Couple of weeks ago I finished putting up the lighting in my new shop/garage. 36' x 26' with 12 foot ceilings. I painted the entire inside a light colored antique white in semigloss, ceiling included. Then hung/screwed nine - 8 foot T-8 fixtures directly to the ceiling. Each of the nine fixtures takes 4 bulbs. Lighting in the shop is really great, seems just like being outside light wise. Plenty of fixtures/lights evenly distributed and the semi paint is great for light reflection so zip/nada for shadows )

Before addressing the lighting I had read here on LJs that T-12s would soon be or are/were getting phased out and or harder to buy. Building the shop got me about broke, so price was more of a consideration than the latest wiz bang in lighting. T-8 was cheaper than the T-5 so that's the way I went. I' m real happy with the results.

Just hope the progressives/socialists in our government don't phase out the T-8s too soon ;o)


----------



## patron (Apr 2, 2009)

in my 30'x60' old shop
i had 3 rows of lighting every 10'
alternate t-12 tubes and 300 watt incandescent pool table fixtures
each row switched independently
(i had read somewhere that tube lighting alone was not enough)

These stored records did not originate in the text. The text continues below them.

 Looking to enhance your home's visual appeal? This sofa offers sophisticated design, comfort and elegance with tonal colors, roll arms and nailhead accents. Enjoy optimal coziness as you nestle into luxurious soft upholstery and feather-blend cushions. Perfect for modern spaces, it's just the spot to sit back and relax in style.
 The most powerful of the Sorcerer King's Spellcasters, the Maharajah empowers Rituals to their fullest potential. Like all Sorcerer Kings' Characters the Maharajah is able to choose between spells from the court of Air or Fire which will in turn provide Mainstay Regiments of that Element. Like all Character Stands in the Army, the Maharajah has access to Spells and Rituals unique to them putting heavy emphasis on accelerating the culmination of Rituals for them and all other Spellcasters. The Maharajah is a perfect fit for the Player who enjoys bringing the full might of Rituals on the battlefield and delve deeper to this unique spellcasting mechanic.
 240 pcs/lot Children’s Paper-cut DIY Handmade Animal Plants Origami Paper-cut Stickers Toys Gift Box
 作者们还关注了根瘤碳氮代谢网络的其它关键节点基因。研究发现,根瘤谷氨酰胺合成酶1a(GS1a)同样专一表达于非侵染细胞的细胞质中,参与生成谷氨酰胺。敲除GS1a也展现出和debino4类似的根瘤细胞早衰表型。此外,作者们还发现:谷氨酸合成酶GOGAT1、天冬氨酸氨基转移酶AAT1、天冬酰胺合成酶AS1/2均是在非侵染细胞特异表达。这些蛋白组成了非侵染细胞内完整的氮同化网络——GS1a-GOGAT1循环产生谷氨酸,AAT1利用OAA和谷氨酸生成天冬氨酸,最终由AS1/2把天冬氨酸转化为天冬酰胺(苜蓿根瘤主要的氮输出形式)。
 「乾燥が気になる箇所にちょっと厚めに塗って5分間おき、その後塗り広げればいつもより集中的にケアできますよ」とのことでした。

this was before Al Gore invented the internet
and at that time just regular tubes were available
(at least at the big box stores)

thanks everyone for clearing this up

*JayT*
you mentioned hd as a source for the ballasts to swith over to

do you have a code # or brand to look for there


----------



## TravisH (Feb 6, 2013)

There are a lot of aspects that effect comparisons. You see the common ones from wood working sites mentioned here. Get into aquariums and you see a lot of other variables. I have some t5HO systems over my reef tanks that easily throw more usable light because of the reflectors, ballasts, and fans to cool the bulbs/ballasts than units from big box stores (would have to run more bulbs on the box stores) but we are in a totally different price ballgame with these units (550 for the fixture and mid 20s for a light bulb).

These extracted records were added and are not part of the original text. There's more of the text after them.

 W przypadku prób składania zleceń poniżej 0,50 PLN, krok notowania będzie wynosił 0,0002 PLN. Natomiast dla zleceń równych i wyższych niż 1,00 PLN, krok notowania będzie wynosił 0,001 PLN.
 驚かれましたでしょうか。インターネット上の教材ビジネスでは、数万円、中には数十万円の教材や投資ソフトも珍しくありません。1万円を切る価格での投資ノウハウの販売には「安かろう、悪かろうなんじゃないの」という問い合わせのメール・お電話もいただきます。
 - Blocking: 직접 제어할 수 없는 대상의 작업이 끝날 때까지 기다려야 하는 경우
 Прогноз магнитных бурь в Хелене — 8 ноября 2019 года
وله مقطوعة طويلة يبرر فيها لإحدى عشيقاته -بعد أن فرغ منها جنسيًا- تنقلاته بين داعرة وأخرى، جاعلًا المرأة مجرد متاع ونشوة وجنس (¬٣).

A lot depends on the shop size and how long you will have the lights on. My small shop we are talking chump change between the different lighting options. I like the highest CRI rated bulbs I can get. Currently running screw in flourescents over my work bench that are a 6500k "full spectrum". Nice white crisp light with accurate color representation.


----------



## JayT (May 6, 2012)

Actually, that was tefinn that mentioned HD. The company I work for is a competitor to them, so I definitely wouldn't be buying at big orange 

Regardless, there are several manufacturers and all the models will be different. Any good hardware store or home center will have ballasts. All you need to know is how many bulbs and what length/size, the ballasts will be labelled that way. For instance, in Joe's case, he just needs to find a ballast that is for 2 F96 bulbs and he is good to go. The new electronic ballasts are all rated for T8 or T12, and as tefinn mentioned, the ends are identical.

Edit: If you take the bulb information in to a store and they don't know what you are talking about or can't immediately help you find the right ballast, RUN, don't walk, away and go somewhere where the staff in the electrical department actually has some training.

The most common configurations for T8 are either two or four bulb F32 fixtures, which use 4' long bulbs and two F96 bulbs, which are 8' long.


----------



## TheDane (May 15, 2008)

Lee-When I built my new shop in 2012, I had the electrician install T8 fixtures … 4 4-tube fixtures in the shop itself and 3 4-tube fixtures in the adjacent garage. We used the 5000K Full Spectrum bulbs. With bright white walls and ceilings they do a fine job.


----------



## TravisH (Feb 6, 2013)

Amazing what some white paint will do. I painted some of the panels this last time and it made a difference for sure.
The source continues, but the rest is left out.